To show a reduction from SAT to some other problem, I'll copy an answer I gave on the CS stack which shows how to reduce 3-SAT to SUBSET SUM. (See Richard Karp's seminal paper "Reducibility Among Combinatorial Problems" for many more reductions between NP-complete problems.)
The trick to the reduction is to use numbers to encode statements about the 3CNF formula, crafting those numbers in such a way that you can later make an arithmetic proposition about the numbers that is only true if the original 3CNF formula is satisfiable. The reduction below is lifted directly from the lecture notes found at https://people.clarkson.edu/~alexis/PCMI/Notes/lectureB07.pdf .

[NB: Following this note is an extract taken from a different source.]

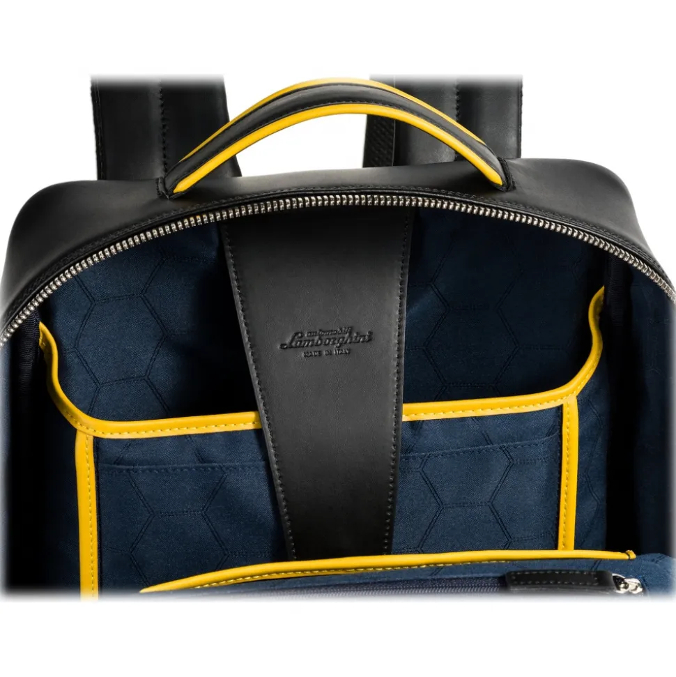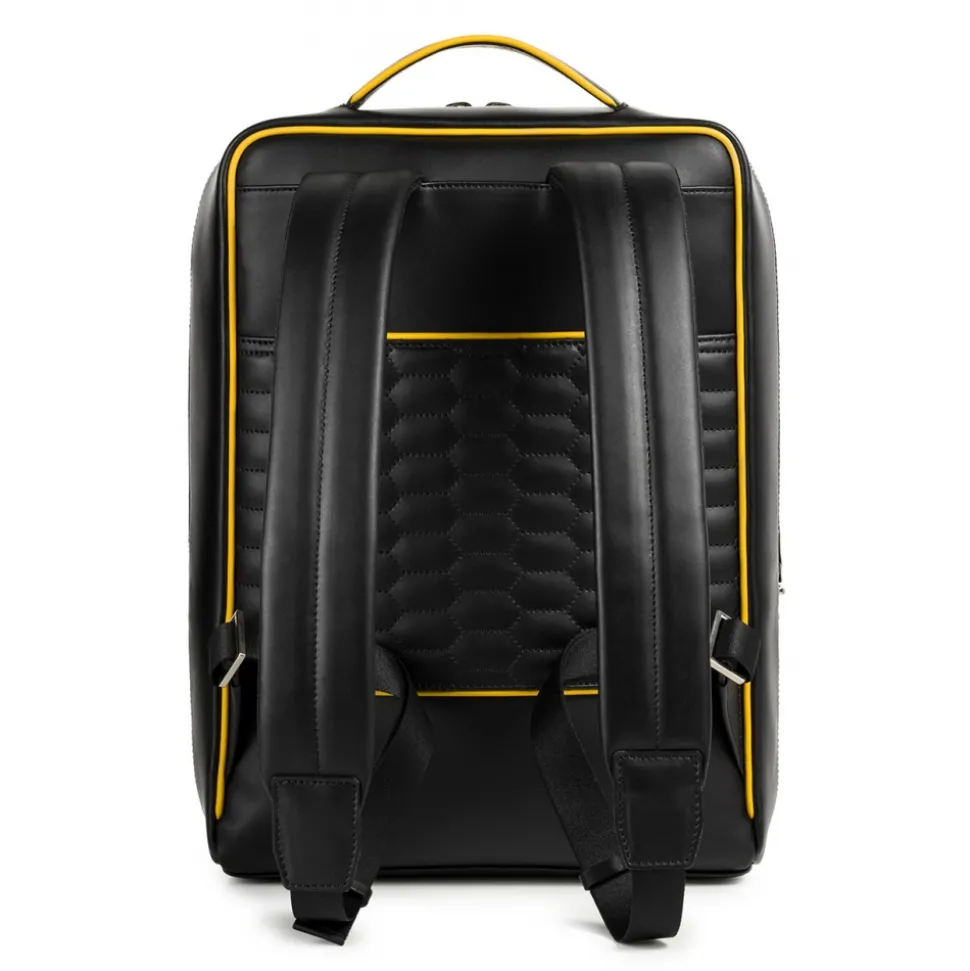 The Automobili Lamborghini backpack belongs to the new exclusive Lamborghini collection. Exclusive artifact handmade in Italy and entirely created by skilled Italian craftsmen, it was created using the same materials as Lamborghini super sports cars.

The $s$ value is crafted the same way for each clause; put a one in the digit position corresponding to that clause, and zeroes everywhere else. The $t$ value will be the same as the $s$ value for each clause.

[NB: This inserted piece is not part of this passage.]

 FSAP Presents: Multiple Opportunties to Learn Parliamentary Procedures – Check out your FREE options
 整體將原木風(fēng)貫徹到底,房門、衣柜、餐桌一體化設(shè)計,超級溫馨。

The $k$ value is always 1111... followed by 33333.... where the number of ones is the same as the number of distinct variables in the formula and the number of threes is the number of clauses in the formula. Note that the required sum $k$ has a one in each digit position corresponding to the variables. This means that any solution to the subset sum problem can include only encoded statements about either a positive instance of the variable or a negative instance in each clause, not both. Note also that sum $k$ has a three in the digit position corresponding to each clause. The $s$ and $t$ values for each clause will sum to two, but to complete the sum a third one will have to come from one of the $y$ or $z$ values. All three ones could come from the $y$ and $z$ values, but the fact that $s$ and $t$ will only sum to two for any clause guarantees that any empty clause in the 3CNF formula forces the subset sum problem to become unsatisfiable.
The lesson you should take from all this is that when reducing one NP-complete problem to another the general procedure is to construct gadgets in the target problem that mimic constraint features of the source problem and then use those gadgets to construct a target problem instance that has a solution only if the source problem instance has a solution.